It sounds like she is very bad at planning, and just does everything the instant comes into her head. That behavior doesn't generally improve with time unless the person understands its consequences, which doesn't usually happen at least until they hit bottom.


----------



## JaxJag (May 3, 2015)

EleGirl said:


> I don't know what state you live in. But generally...
> 
> Any assets accumulated in the marriage are 50% hers. So she could have gone after that depending on who much of your income you had saved with the bonus. Did you wife have access to your bank accounts and have full financial info on you? Or did you keep that from her?


We live in Texas. The bonuses were saved in their entirety, so that account went untouched for roughly 15 months. My wife didn't have access to that account (not out of malice, she just never came to sign up with me), and as far as full financial info... she knew about that account. Maybe not a precise dollar amount, but she knew that there was a good money in there. I used to be pretty full disclosure with her, but when she first threatened me with a lawyer in September (it was a lie, and I was naive), I began to be more tight lipped about money. It was there, we were comfortable, and that was all she needed to know.



> I’m not sure why you think a divorce attorney would run a background check on you. Why would he do that? What do you think he would look for in a background check?

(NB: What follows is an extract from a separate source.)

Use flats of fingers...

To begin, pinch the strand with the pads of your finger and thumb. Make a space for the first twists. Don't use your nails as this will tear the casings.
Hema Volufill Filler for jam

That bank account. The fact that he brought it up verbally and accepted when I dismissed its dollar amount led me to believe that he truly had no idea. I thought lawyers had people follow you, check out your banks, hacked into your facebook, could subpoena anything... that kind of stuff. Maybe I've been watching too much TV.



> Usually after the initial filing and response, both parties fill out financial disclosure of all income, expenses, assets and debt. He would not know all that about you until you turned in your paperwork. And he had it, what overnight?

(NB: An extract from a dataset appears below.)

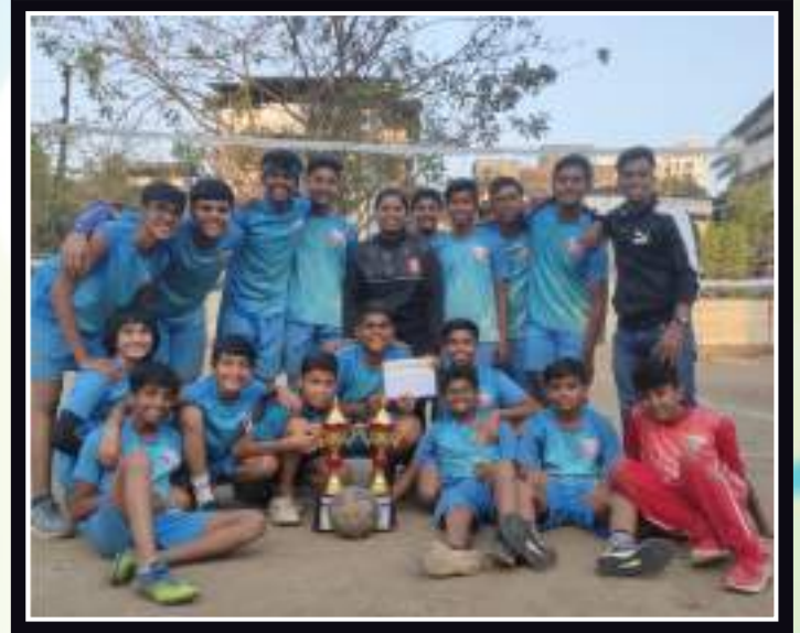
Our U-14 and U-16 boys received second place in a Volleyball Tournament which is organised by Don Bosco school Dombivli.

We are proud to share the achievements of our students at the Indo-Scot Global Inter school competition conducted on 5th and 6th December 2023 .

I had two options for response in my county. One was a sheet of paper that I'd fill the blanks on, write out my property, and then I'd sign it. Or I could write a written response, provided that it had the last 3 of my SSN and driver's license. I went with the written response. Assuming he even got my response the night before (I've gotten the lazy/unprepared/short-cutting vibe from him), I don't know if he did anything with it. 

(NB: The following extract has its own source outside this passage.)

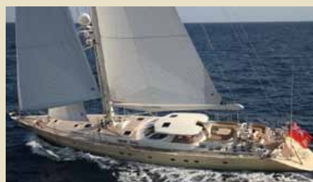
CELANDINE Jongert 2900 M 29.73 m 1993 Location: East Medit. 2,900,000 €

I guess what I'm confused about is that I know my wife (ex?) well enough to know that she wouldn't walk away from half "just to get out of the marriage". I know she's putting up some form of act (I caught her trying to get into the townhouse one day, told her I'd leave so she could get whatever she needed, and she completely ignored me), in which I assume she's trying to make it look like I did harm her in some way, but financial security was one major reason she even married me in the first place. She didn't work since before we were married, and even after she started working, she didn't pay for any of our expenses. Still, somehow, she lives paycheck to paycheck (and that's putting it lightly, she has about $3500 worth of debts a month), so I think most people who make $20/hr would go for whatever they could get.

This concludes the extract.